OECD Forum 2019 Session: From Protest to Solutions

OECD Forum 2019 Session: From Protest to Solutions

This OECD Forum 2019 background note will be used to prepare speakers on the panel From Protest to Solutions, taking place at the OECD headquarters from 12:00-13:30 on Monday, 20 May. Join the Forum Network to comment and help inform the upcoming debate and, whether you're with us in Paris or watching online, let us know what you think of the session!

Some 30 years ago the Berlin Wall fell, in reaction to an unstoppable wave of liberalisation in Europe, punctuated by icons of solidarity, human dignity and hope, all calling for a freer, fairer and more equitable world. Such expectations have invariably characterised the many movements that have acted as turning points in our history since then. 

2019 marks the 20th anniversary of the OECD Forum. Back then, the OECD answered a direct call for more inclusive policy making and consultation of a wider group of sometimes diverging voices, in the wake of an outburst of discontent vis-à-vis the opacity of multilateral decisions and the impact of increasing globalisation, notably linked to the negotiations of the Multilateral Agreement on Investment. As protesters made their voices heard loud and clear in Seattle, Ministers responded: the OECD Forum was born. 

“The political, economic and social challenges of the next century require informed and actively participating citizens. Ministers recognise their heightened responsibility to ensure transparency and clarity in policy-making, and look to the Organisation to assist governments in the important task of improving communication and consultation with civil society”.

1999 Ministerial communiqué

This bears heightened relevance today, as individuals from all walks of life feel compelled to take action on a variety of issues and causes, challenging the establishment and seeking to harness the unique transformative capacity of “people-powered” movements in shaping a new societal and political environment, and driving positive change in a bottom-up and inclusive fashion. Examples are countless: the Arab Spring or Occupy Wall Street protests their offspring across the world: the #MeToo movement, the student-led anti-gun March for Our Lives movement, and more recently European youth-led Climate marches, to name just a few. Yet these manifestations have taken on different facets: some violent, others peaceful; some self-organised, others structured; some homogeneous, others confronting radical views of what the outcomes should be; some translating wants into political action, others mere moments of “revolutionary romance”. 

Today, voting patterns and abstention betray the fact that our democratic institutions are suffering from political disengagement and risk irrelevance. And yet, the online space offers a new “town hall”, extending beyond national borders, allowing people to share new ideas to proactively shape public life. Digital technologies can be used (and abused) for civic purposes, providing new and enhanced ways to revitalise democratic practices and innovate the way people and power-holders interact. This changing landscape requires all power-holders and institutions to broaden the spectrum of their engagement, acknowledging once and for all that in a multifaceted and multistakeholder world, policy-making and large-scale changes in behaviour are no longer the sole remit of an exclusive club. 

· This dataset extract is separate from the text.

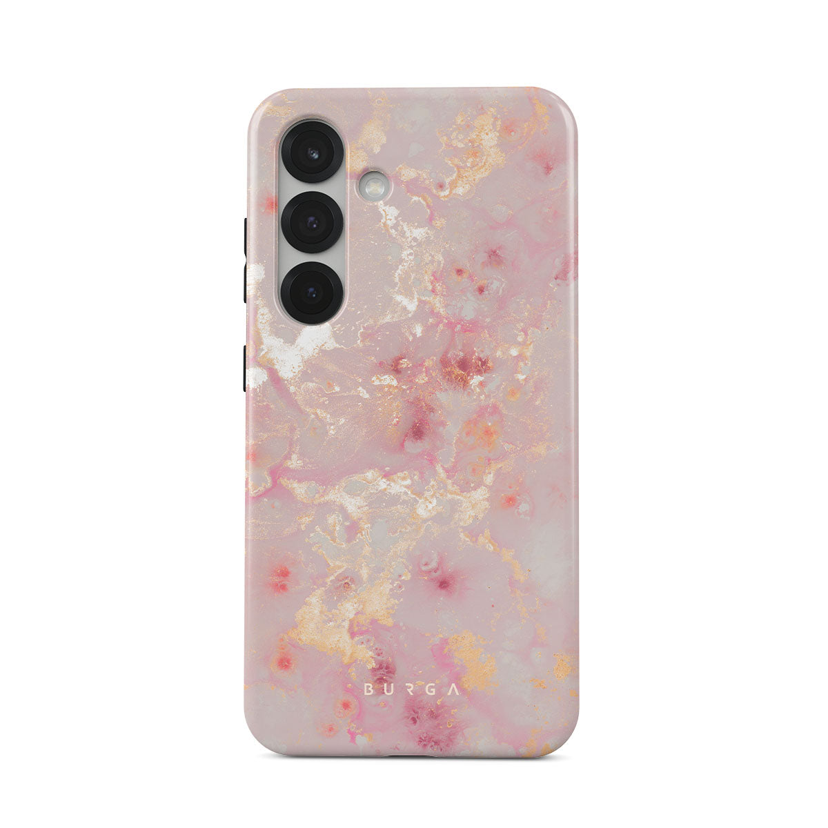 The sun is shining and creates a golden reflection in the corals. Take this scenery with yourself with our pretty and pink Golden Coral Samsung Galaxy S25 phone case. Add protection to your phone with a unique pink marble pattern that is guaranteed to catch everyone's eye.

For some, the answer lies in a new form of activism focusing on “creating a mental shift in people’s mind”: a hybrid of social movement and political parties that call for a stronger commitment by people running for political office, voting, participating in the city administration, and injecting disruption and sustained change across society. Successful movements might indeed require governments to integrate the views of collectively mobilised people into the effective functioning of power and to make a renewed pledge to the will of the people as the foundation of their ability to make decisions on their behalf. Isn’t that the essence of the societal contract? 

Some of the questions ahead of us are:

  • How do you feel as initiators of these movements about the state of our societal contract at the moment?
  • What impact has it had on your life to take responsibility for making change happen?
  • What can we learn from such experiences, whether a “success” or a “constructive failure”?
  • How might we best channel such high-intensity energy into shared, tangible commitments?
  • What lessons might we draw in terms of our ability to listen, to improve the health of our democracies, and ensure the resilience of our social fabric?